Comments

1
Nex, this morning I was about to call you out on your earlier post -- the combo videos thing where you mentioned you wanted to "have her babies" -- but then I was like, "oh, Nex always gets a lot of shit, I'll let it go". Then you post this nonsense. And that's what it is, nonsense.

"IT'S A GODDAMN WEBCOMIC". Right, it's just a rape joke. Just kidding, ladies! That makes it okay. Nex, I don't believe you can't understand why it's wrong to perpetuate this kind of thinking; I think you're just trolling.

And as for the "I want to have your babies" thing -- you're basically saying "I appreciate you because you make me want to fuck you". Same thing applies as above; it's this casual, passive acceptance of language that reinforces sexist attitudes.

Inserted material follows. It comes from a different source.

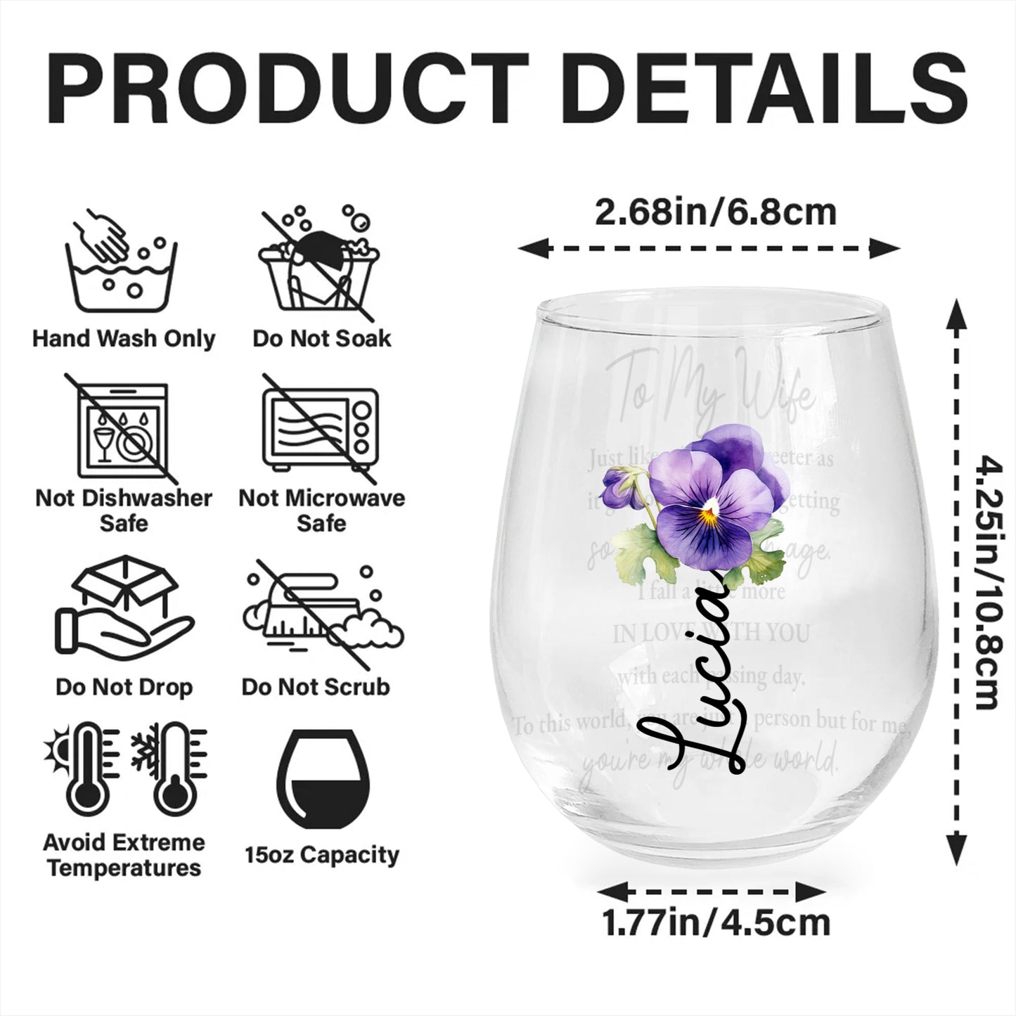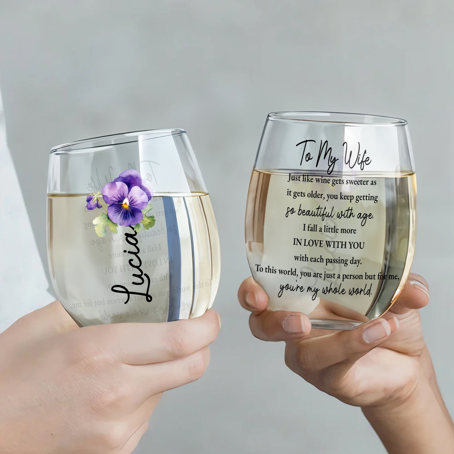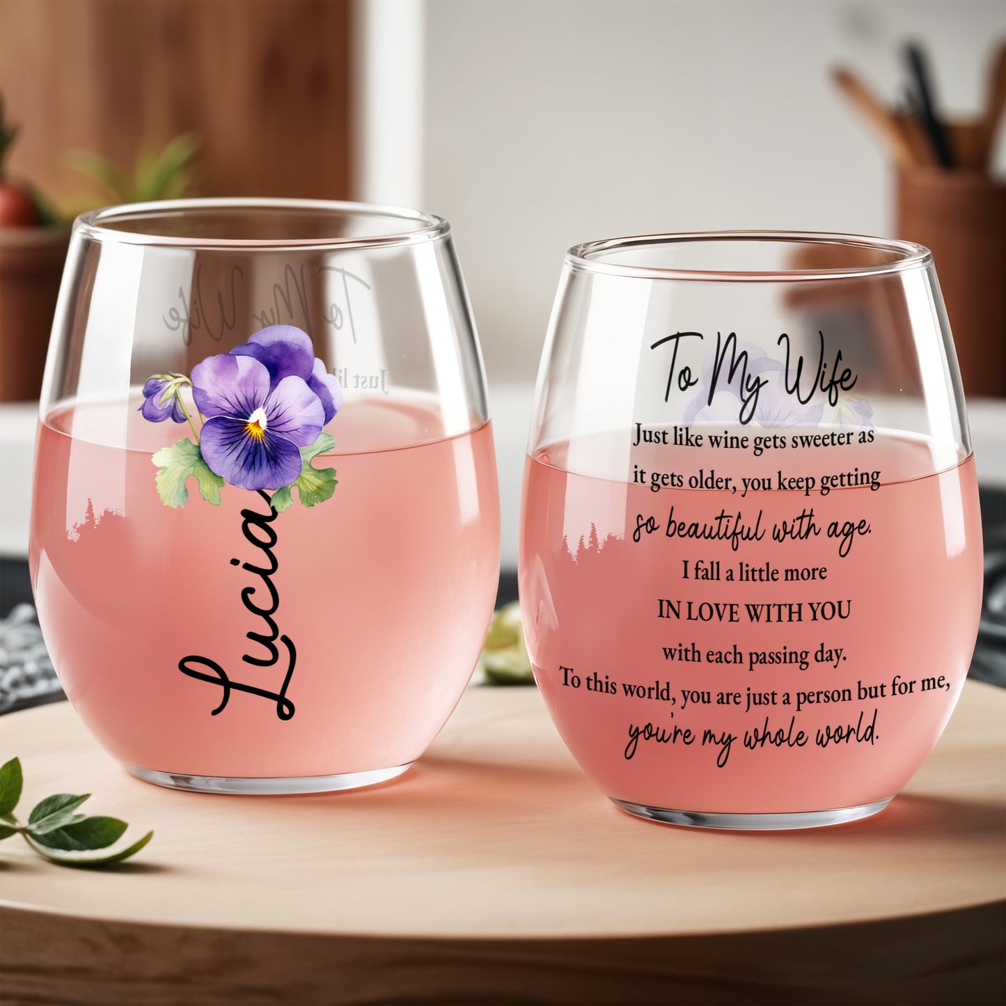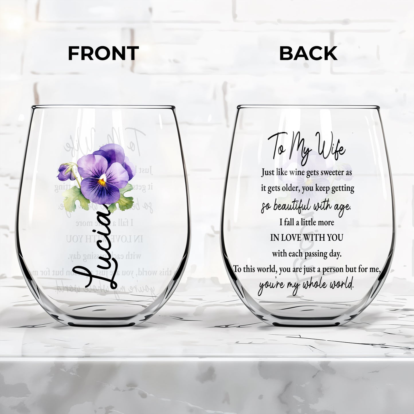 Love With Age Wine Glass Featuring Flowers and Sweet Message - Personalized Stemless Wine Glass - WIF042_WIGL

Our culture has to move past this.
2
Hang on a tick. Is that really it? Is that really the reason why stuff like this calls down a firestorm of contempt? I still stand firmly by my "everything is too PC, the 80s were kinda awesome, check out how rad being a white male is" message, but I can see your point there.

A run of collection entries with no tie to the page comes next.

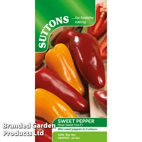 A revolutionary variety that produces its fruits from its central stem, meaning the plants won't bend or fall, or get damaged by curtains or blinds if grown on a windowsill. Sweet Pepper ‘Pillar Sweet Trio' bears single-serving-sized tasty sweet, mini peppers in orange, yellow and red with a thick crunchy flesh. Grow on a windowsill, sunny patio or in a greenhouse and enjoy added to salads and stir-fries or simply just for snacking on! Height 40cm (16in). Spread: 30cm (12in).
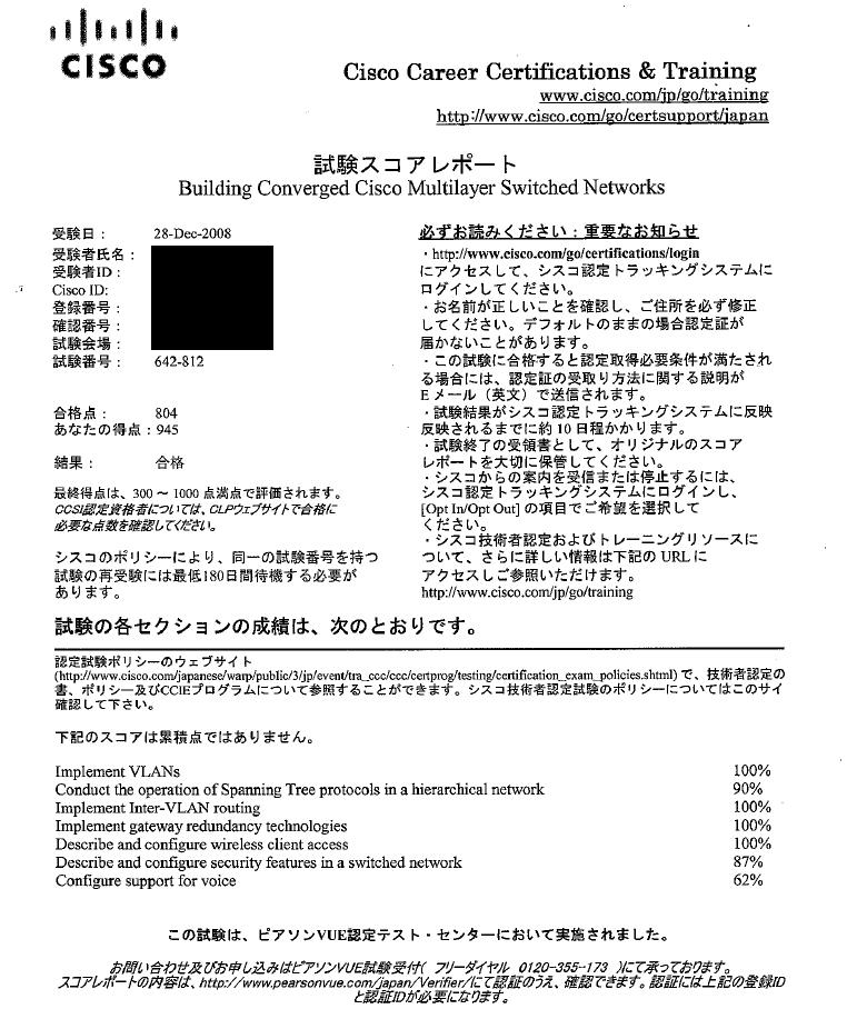 CCNPのBCMSN(642-812)に無事合格しました^^
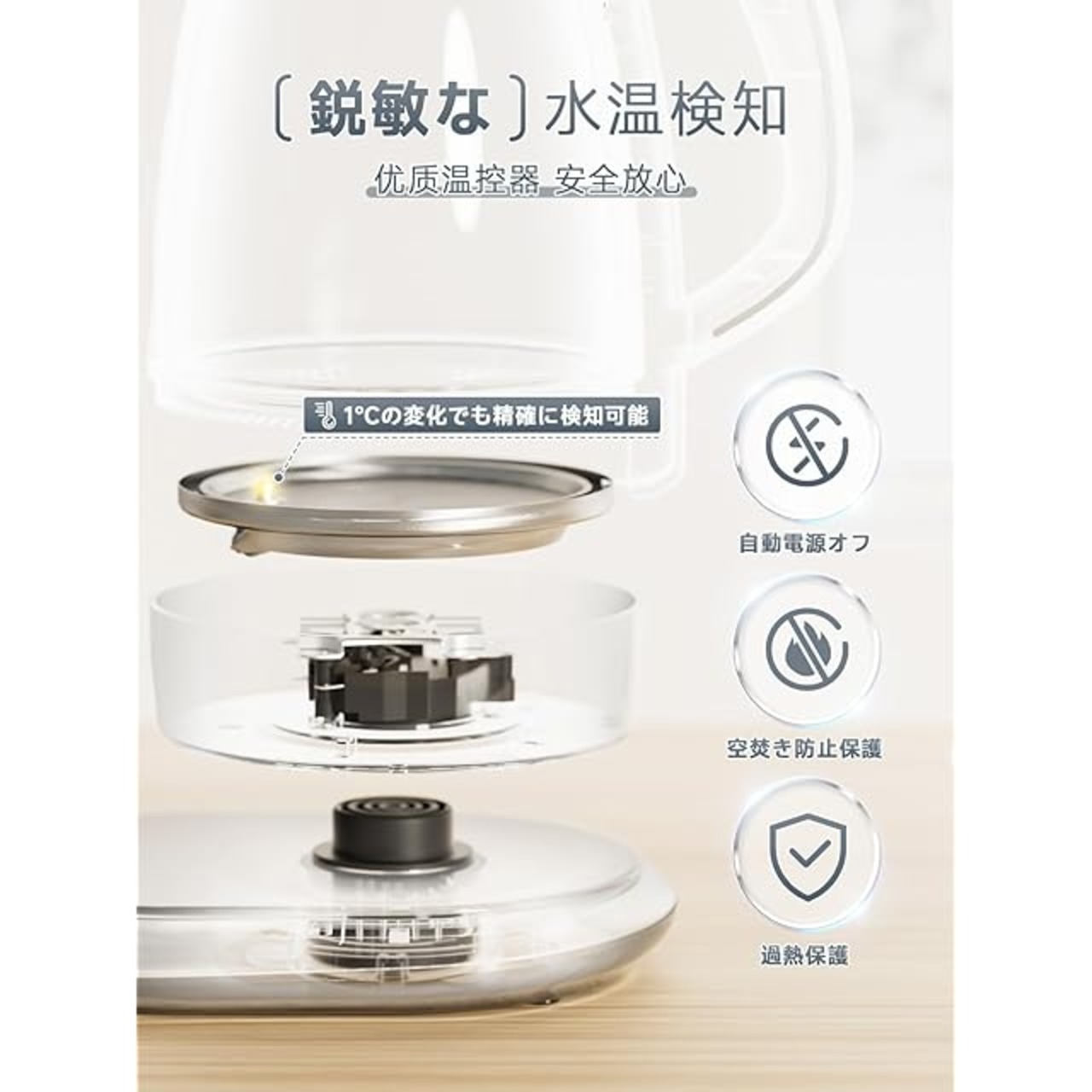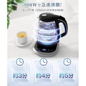 【安全で無臭・ クリアな美しさ】 高品質なガラス製ボディで透明感抜群。 ①有害物質の放出や金属の錆びによる水の劣化を防ぎます。飲料水の安全性を守り、水本来の美味しさをそのまま楽しめます。 ①湯が沸く過程が見えるデザインはインテリアとしてもおしゃれ!汚れが隠れる心配がなく、手入れがとても簡単です。 ◆LEDライトが点灯し、使用中の状態が視覚的にわかりやすい。

Of course, it says something really damn depressing about our society that the use of a four letter word in a joke comic is enough to perpetuate negative stereotypes toward women.

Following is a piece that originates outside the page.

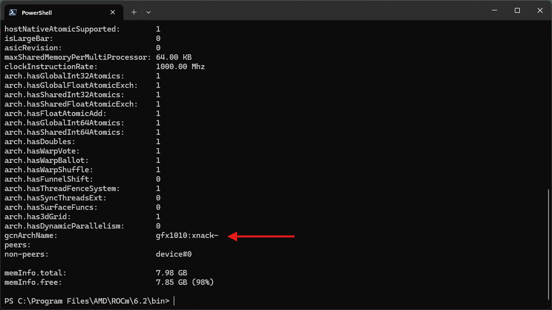 برای من در بخش gcnArchName نوشته شده -gfx1010:xnack که یعنی GPU کارت گرافیک کامپیوتر من میتواند از -xnack استفاده کند. ممکن است که برای برخی مدلها +xnack نوشته شده باشد که این یکی دیگر از Modeهای این قابلیت است.
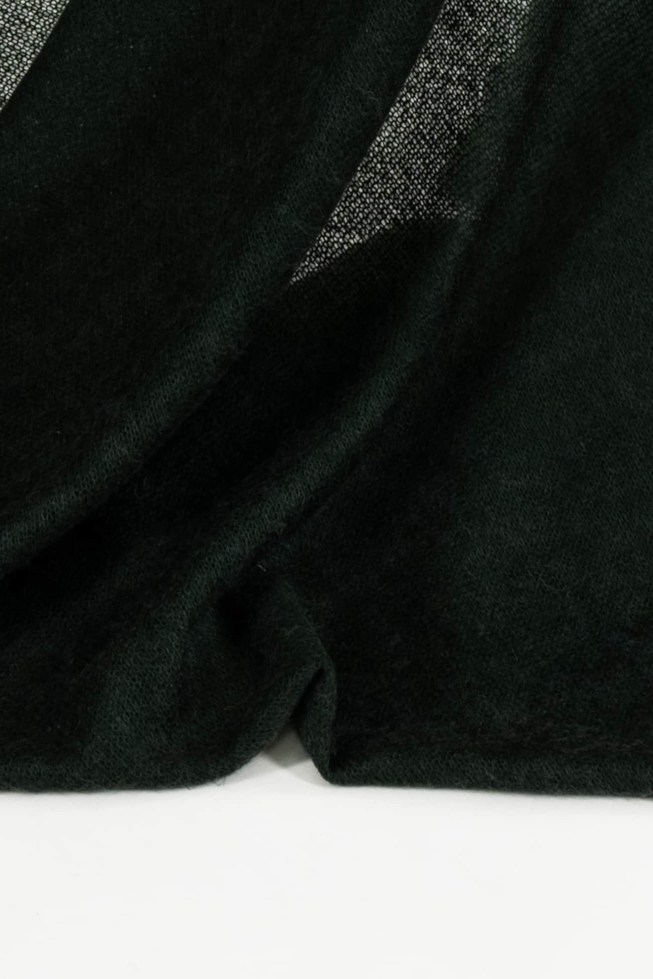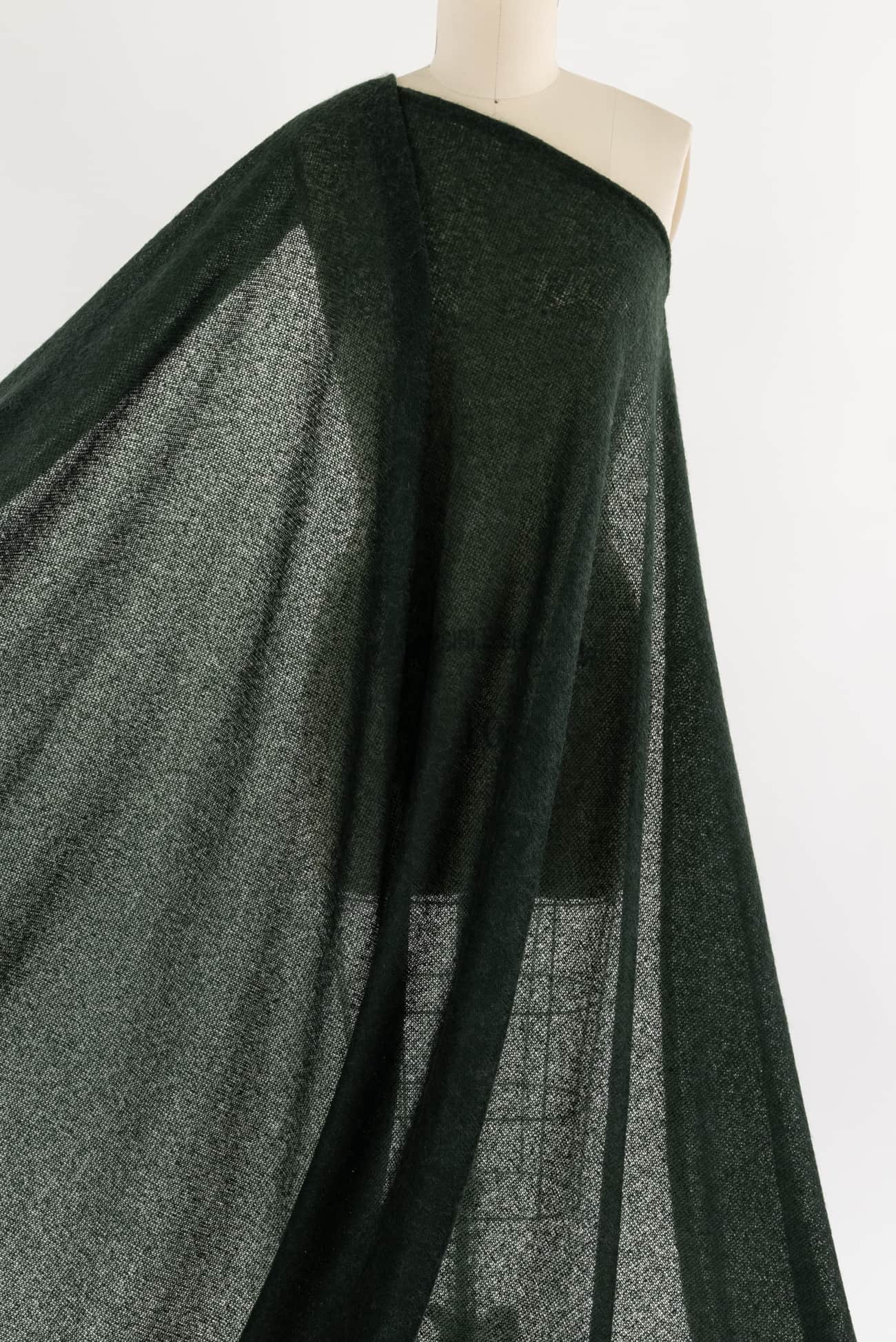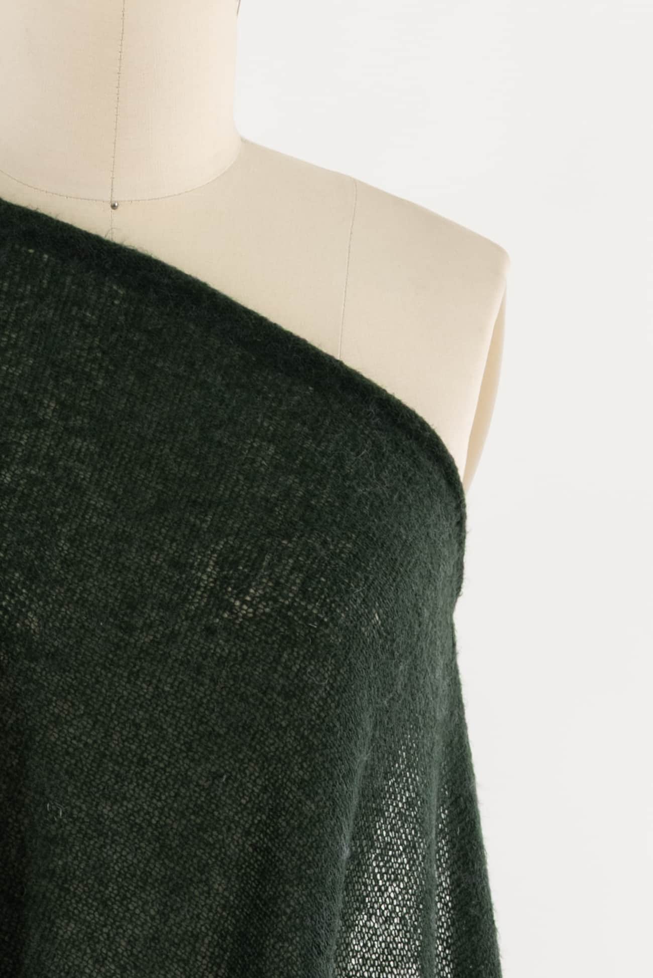 Soft and cozy racing green acrylic blend sweater knit, deadstock from a New York designer. Lightweight with a softly textured, loosely knit hand, easy drape, crosswise stretch, some recovery and rolling at the cut edge. Right for a sweater, tunic, cardi, hoodie or vest. Limited quantity.

If it helps cat, I've long hated the idiot children who would read this sort of comic and think rape is hilarious.

(As for the "want to have her babies" thing, that was just the sort of borderline idiotic bullshit that passes for e-flirting these days.

We should probably add "women who fall for that sort of shit" to the list of people to glower at. I'll be sure to collect all their names and phone numbers for posterity.)
3
Long screed about how some other screed was too long. Don't expect me to write a long screed in response, OK?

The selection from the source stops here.